* [Material provided]
((

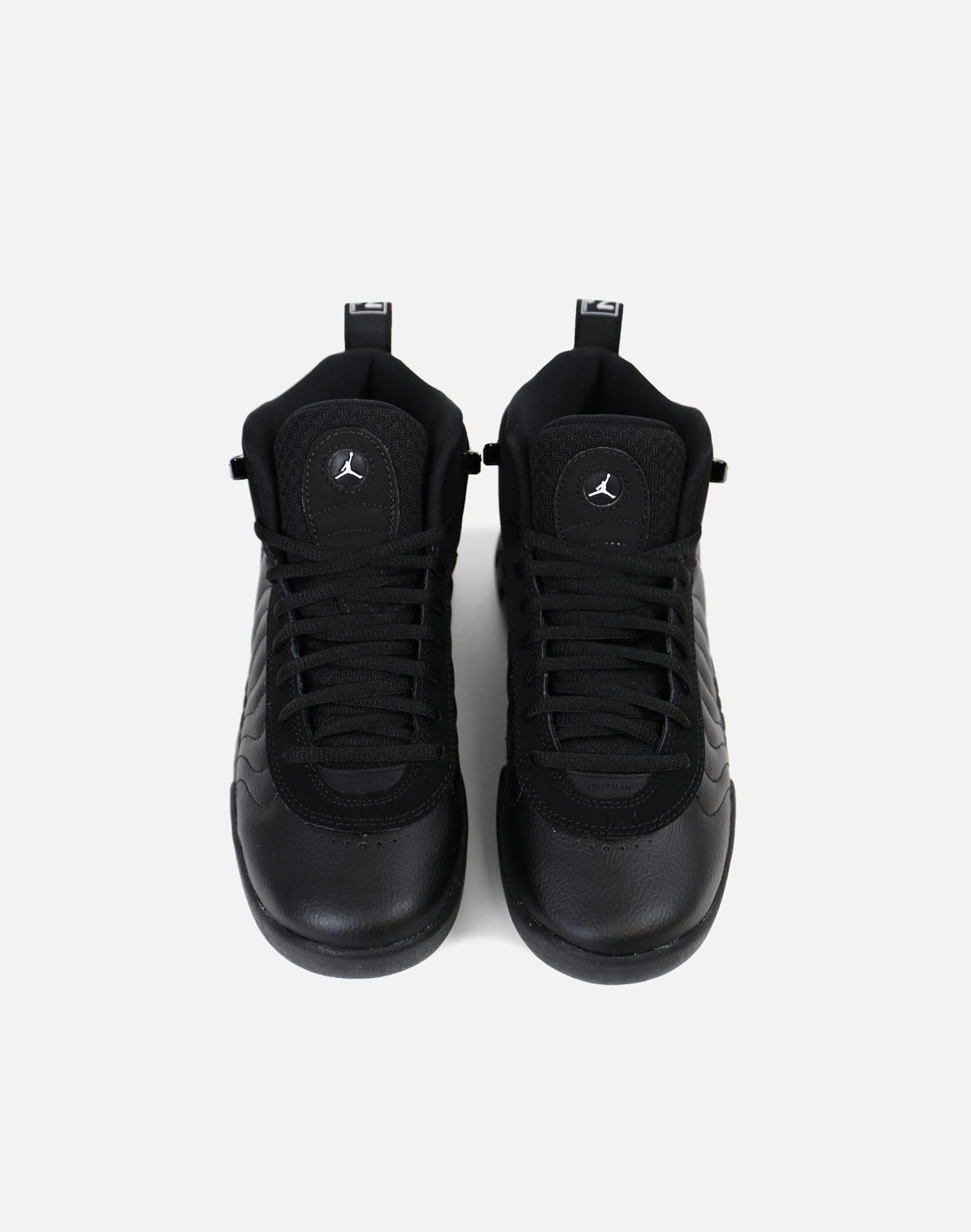 The Jordan Jumpman Pro Grade-School features its own all-black upper in full-grain leather and synthetic nubuck with a matching black outsole. The simple yet strong looks makes for one of the cleanest colorways on the court.
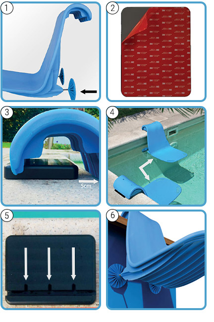 Non richiede nessuna installazione: regola la posizione delle viti in base alle proprie necessità, incastra lo schienale nell'apposito cuscinetto, incollato al bordo piscina e, infine, e appoggia i sostegni alle pareti. Il gioco è fatto.
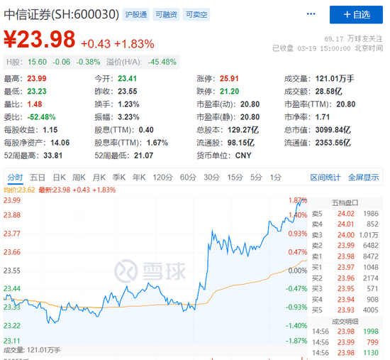 中信证券涨近2%。18日晚间,中信证券发布2020年年报。这份年报显示,截至去年年末,中信证券的总资产已经达到1.05万亿。

))

* [What to do] Give the listing again word for word. Skip every image.

* [Output for this exercise]
 The Jordan Jumpman Pro Grade-School features its own all-black upper in full-grain leather and synthetic nubuck with a matching black outsole. The simple yet strong looks makes for one of the cleanest colorways on the court.
 Non richiede nessuna installazione: regola la posizione delle viti in base alle proprie necessità, incastra lo schienale nell'apposito cuscinetto, incollato al bordo piscina e, infine, e appoggia i sostegni alle pareti. Il gioco è fatto.
 中信证券涨近2%。18日晚间,中信证券发布2020年年报。这份年报显示,截至去年年末,中信证券的总资产已经达到1.05万亿。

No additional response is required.